# [WHAT IS NEEDED]
Go through the data below and copy each line where the word "that" occurs.

# [RECORDS SUPPLIED]
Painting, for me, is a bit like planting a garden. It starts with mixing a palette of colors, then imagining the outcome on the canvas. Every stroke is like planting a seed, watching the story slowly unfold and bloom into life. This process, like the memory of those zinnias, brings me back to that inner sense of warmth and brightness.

---

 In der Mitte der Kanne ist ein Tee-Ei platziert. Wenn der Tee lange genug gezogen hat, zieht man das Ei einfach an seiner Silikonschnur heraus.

--

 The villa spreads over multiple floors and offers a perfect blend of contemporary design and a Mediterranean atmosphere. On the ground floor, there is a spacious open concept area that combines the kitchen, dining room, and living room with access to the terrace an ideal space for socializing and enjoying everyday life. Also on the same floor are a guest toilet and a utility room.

# [RESPONSE FOR THIS EXERCISE]
Painting, for me, is a bit like planting a garden. It starts with mixing a palette of colors, then imagining the outcome on the canvas. Every stroke is like planting a seed, watching the story slowly unfold and bloom into life. This process, like the memory of those zinnias, brings me back to that inner sense of warmth and brightness.
 The villa spreads over multiple floors and offers a perfect blend of contemporary design and a Mediterranean atmosphere. On the ground floor, there is a spacious open concept area that combines the kitchen, dining room, and living room with access to the terrace an ideal space for socializing and enjoying everyday life. Also on the same floor are a guest toilet and a utility room.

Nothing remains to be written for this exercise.